Pytorch and Cross Entropy

Hi everyone,
I want to create a view a prediction done by a training and validation Attention UNet code. I have some segmentations of femur. The segmentations contain 10 classes each, from 1 to 10. I used Cross Entropy and i preprocessed all the CT scans before everything else i. My Dices are great, all of them are up to 0.92 for training and validation, but when I try to view the prediction in 3D slicer, there are only 9 segments. I think the problem is that with the Cross Entropy we train classes from 0 to 9 and then the 0 class is forget.
Here is the part of the processing function in my Attention UNet code:
def prepare(self):
for ct_path, (left_path, right_path) in tqdm(self.ct_paths):
ct_volume = read_nii(ct_path)
label_volume = read_nii(left_path) # Already combined masks into 10 classes

        for idx in range(ct_volume.shape[-1]):
            img = cv2.resize(ct_volume[..., idx], (self.img_size, self.img_size), interpolation=cv2.INTER_AREA).astype('float32')
            label = cv2.resize(label_volume[..., idx], (self.img_size, self.img_size), interpolation=cv2.INTER_NEAREST)

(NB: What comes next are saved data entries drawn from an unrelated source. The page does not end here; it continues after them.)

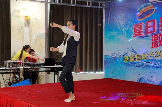 整潔優(yōu)雅的環(huán)境、整齊美觀的桌椅、動(dòng)感活潑的音樂、繽紛閃耀的燈光、精致可口的甜點(diǎn),使整個(gè)活動(dòng)現(xiàn)場(chǎng)熱鬧而不失穩(wěn)重,溫馨而不失活潑。伴隨著動(dòng)感的音樂,大家紛紛就坐,與周圍的同事熱情交談。上午10時(shí)30分,活動(dòng)準(zhǔn)時(shí)開始。泰盛恒地產(chǎn)總經(jīng)理黃總首先發(fā)表了開場(chǎng)致辭,隨后各部門開始表演精心準(zhǔn)備的節(jié)目。《擼起袖子加油干》、《我相信》等合唱唱出了氣勢(shì),唱出了希望,《干了這杯酒》、《紅日》等獨(dú)唱唱出了個(gè)性,唱出了風(fēng)采。舞蹈及健身操等節(jié)目也相繼上演,展示了公司員工積極的精神風(fēng)貌。節(jié)目表演過程中還穿插了精彩的抽獎(jiǎng)環(huán)節(jié),引得現(xiàn)場(chǎng)陣陣歡呼。
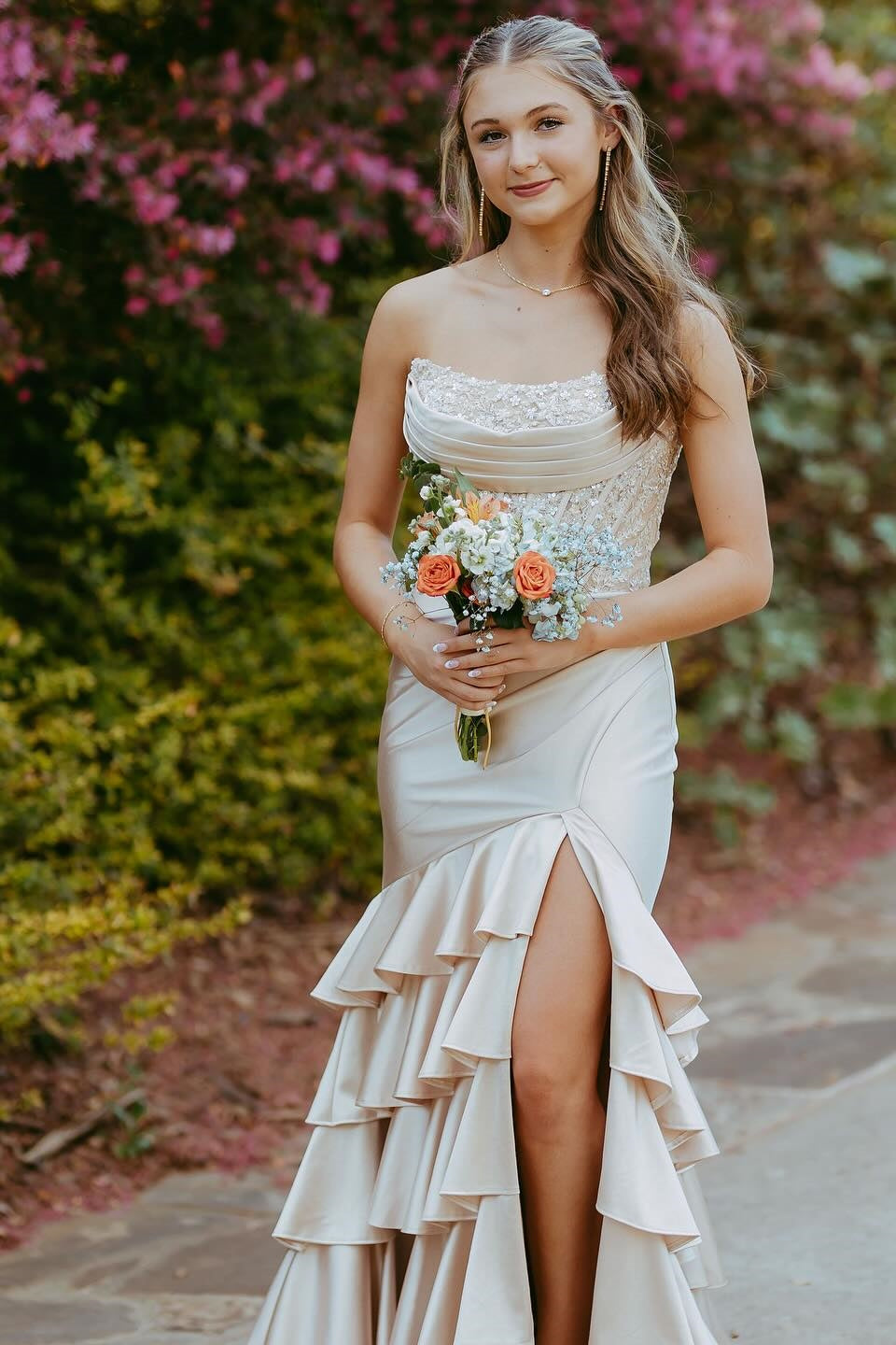 Constructed from satin material, this full length dress features a strapless neckline, mermaid silhouette, and ruffle design with a side slit.
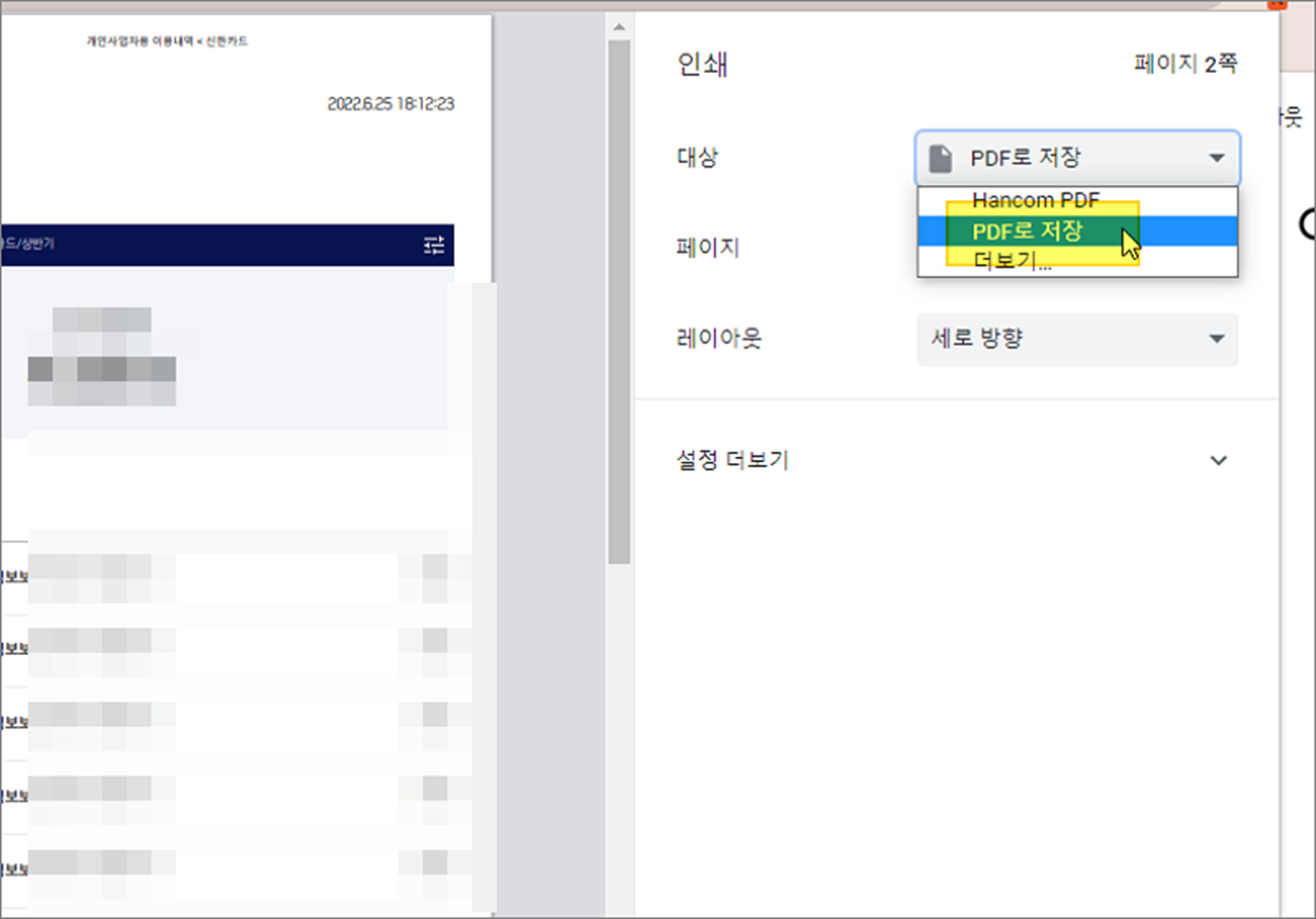 ▼ 인쇄 화면이 뜨면 오른쪽 대상 항목에서 “Hancom PDF” 나 “PDF 로 저장” 메뉴를 클릭합니다. 만약 그림과 같이 PDF 저장 메뉴가 보이지 않는다면 PDF 리더나 편집 관련 무료 프로그램을 다운받아 설치합니다.
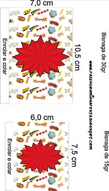 Rótulo Bala de Goma Gomets Fundo Balões Super Heróis:
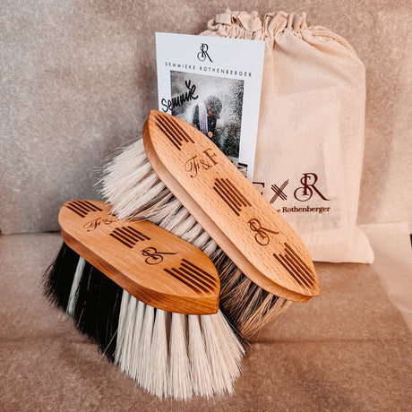 Fritz & Frodewin steht für deutsche Handwerkskunst: Bürsten aus FSC-zertifiziertes Holz und hochwertige Borsten, sorgfältig bestückt und langlebig im Einsatz – für Pferd und Hund. Unsere Bestseller kombinieren kräftige Reinigung mit edlem Glanz; besonders sanfte Modelle sind ideal für Kopf und empfindliche Partien. Auf Wunsch personalisieren wir deine Bürste per Gravur – ein Unikat mit Bedeutung.

            img = (img - img.min()) / (img.max() - img.min() + 1e-5)
            label = np.clip(label, 0, NUM_CLASSES-1).astype(np.uint8) 

            self.data.append(img[..., np.newaxis])
            self.labels.append(label) 

And from the .pth loading:

def read_nii(path):
return np.rot90(np.array(nib.load(path).get_fdata()))

def preprocess_slice(slice_2d):
resized = cv2.resize(slice_2d, (IMG_SIZE, IMG_SIZE), interpolation=cv2.INTER_AREA).astype(‘float32’)
normed = (resized - resized.min()) / (resized.max() - resized.min() + 1e-5)
return normed

def predict_volume(volume):
original_shape = volume.shape
predictions =
for i in tqdm(range(volume.shape[-1]), desc=“Predicting slices”):
slice_2d = volume[…, i]
input_tensor = preprocess_slice(slice_2d)
input_tensor = torch.tensor(input_tensor).unsqueeze(0).unsqueeze(0).to(DEVICE)
with torch.no_grad():
output = model(input_tensor)
pred = torch.argmax(torch.softmax(output, dim=1), dim=1).squeeze().cpu().numpy()
pred_resized = cv2.resize(pred.astype(‘uint8’), (original_shape[0], original_shape[1]), interpolation=cv2.INTER_NEAREST)
predictions.append(pred_resized)
pred_volume = np.stack(predictions, axis=-1)
return pred_volume

1 Like

I don’t understand this claim as the model will not “forget” class0. Using class indices in the range [0, nb_classes-1] is the correct approach for nn.CrossEntropyLoss.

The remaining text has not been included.